Ему со смехом кричали:
– Да революция, дурень! Ре-во-лю-ци-я!
Но он по-прежнему гнул свое:
– Леворюция! Леворюция!..
– Это у других народов революция, – проговорил солидным басом господин в дорогой шубе и мурмолке, похожий на профессора, – а у нас, конечно, самая настоящая леворюция. – И со вздохом добавил: – Сон разума на Западе порождает чудовищ на Востоке…
Профессор вдруг погрозил Преториусу пальцем и удалился, заложив руки за спину и тяжело раскачиваясь из стороны в сторону.
Именно тогда Георгий начал по-настоящему понимать Токвиля, который утверждал, что революции и войны не ломают стиля народной жизни, но восстанавливают его. Собственно, из этого следовало, что и восстает народ не для того, чтобы добиться справедливости и таким образом улучшить жизнь, а только затем, чтобы жизнь упростить.
Необходимое во всем его ветхом великолепии рухнуло под натиском неизбежного, лишив власть остатков здравомыслия.
Тела и души упали в цене, дух опасно подорожал.
Полиция развалилась, и Преториус остался без дела. Однако гораздо больше его беспокоили Шурочка и сын. Георгий-младший рвался на улицу, хотел участвовать в событиях, и родителям едва удавалось удерживать его дома. В Петербурге было опасно, и Георгий предложил жене уехать на время в Знаменку.

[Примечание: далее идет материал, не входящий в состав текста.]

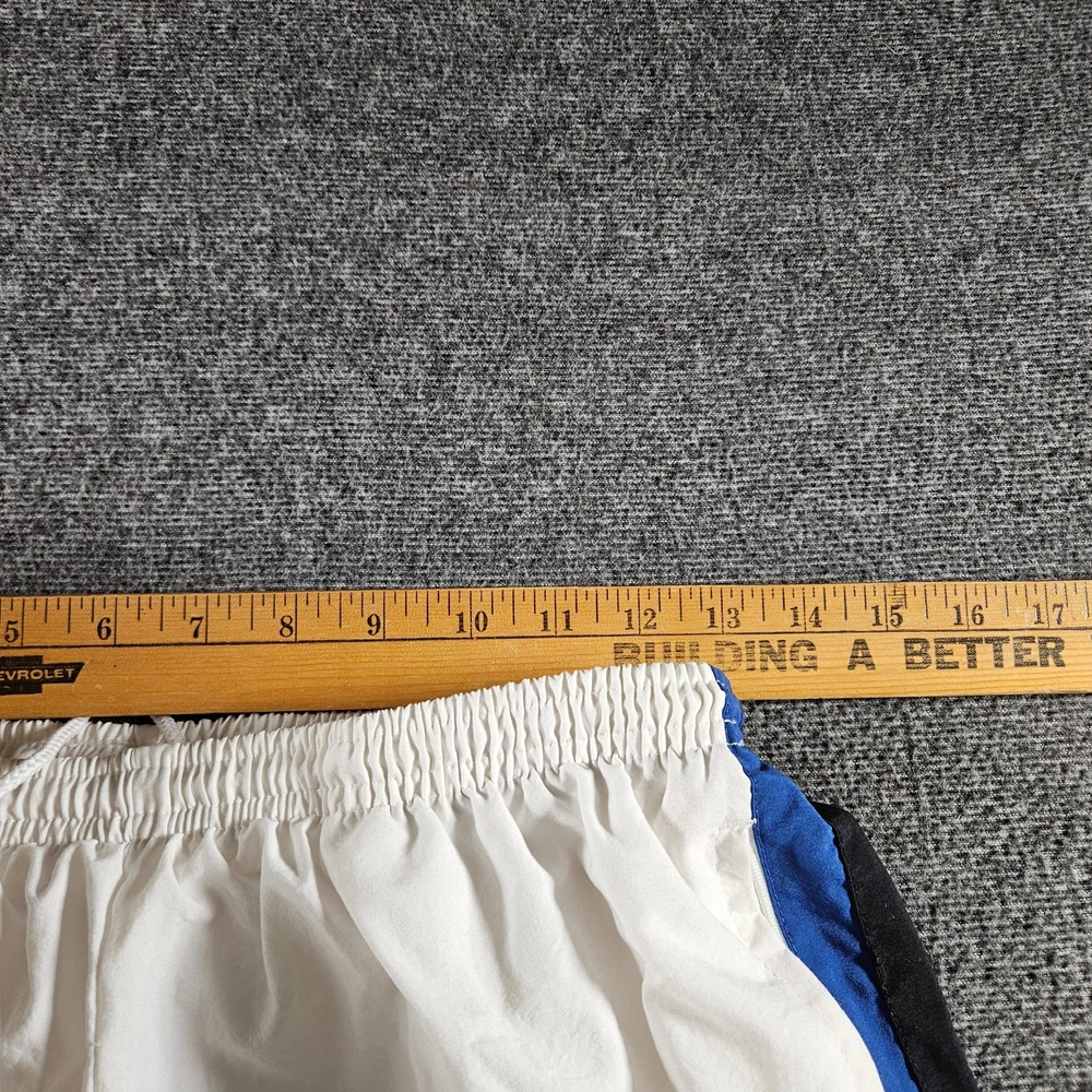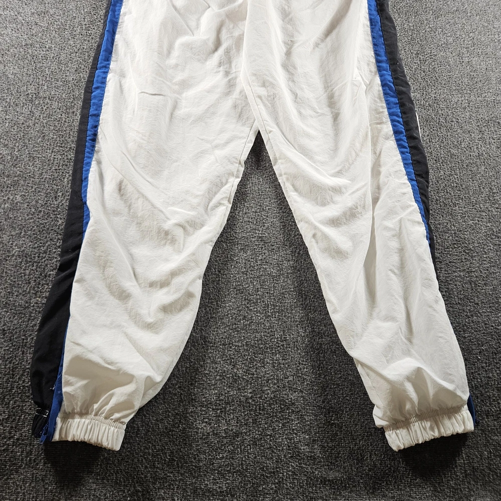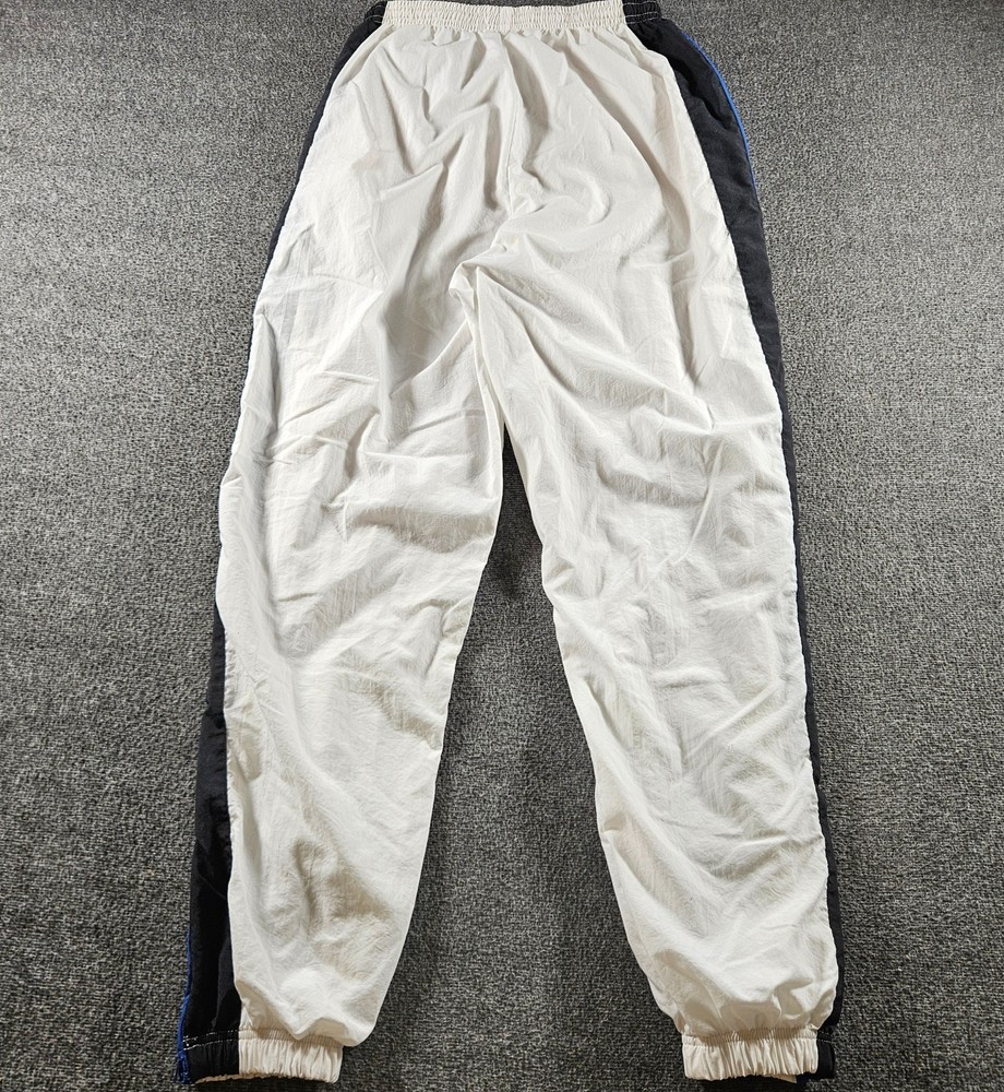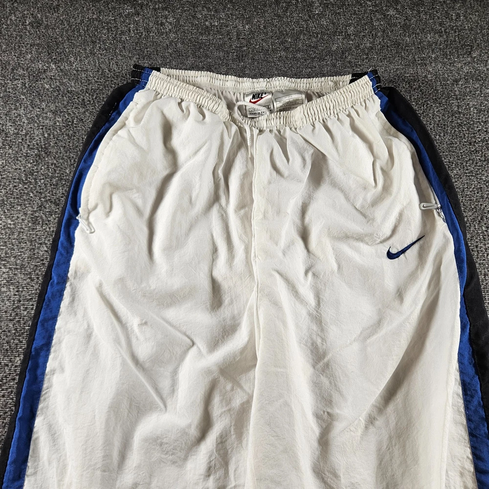 These Vintage Nike Track Pants in white and blue are a nostalgic throwback to the 90s, perfect for a youth size large boy looking for a statement piece of activewear. Made of nylon material, these pants feature an elastic waist for comfort and are machine washable for easy care. The solid pattern and Nike branding add a touch of retro style to the wardrobe, ideal for the winter, fall, or spring seasons. Made in Taiwan, these track pants are a unique and stylish addition to any young boy's clothing collection.

Ольга Оскаровна уезжать из Петрограда не захотела.
– Вчера видела вашего друга детства – красавчика Вивиани, – вдруг вспомнила она, – он спрашивал, нельзя ли его супруге переждать смутные времена в Знаменке. Говорят, она очаровательное создание, хоть и слепая…
– Слепая! Как ее зовут? – спросила Шурочка.
– Софья… Он называл ее Сафо…
– Ты ее знаешь? – спросил Георгий.
– Если это та Сафо, с которой я познакомилась во Франции, то да, знаю, – сказала Шурочка, растерянно добавив: – Она прелесть…
– Значит, ты не против?
– Нет, конечно!
При встрече дамы поцеловались, стараясь не испачкать друг дружку помадой, и глаза у Шурочки блестели – она была взволнована.
Вивенький каким-то чудом раздобыл два крытых лимузина и маленький грузовик для поклажи. Из прислуги взяли с собой только няньку и гувернантку.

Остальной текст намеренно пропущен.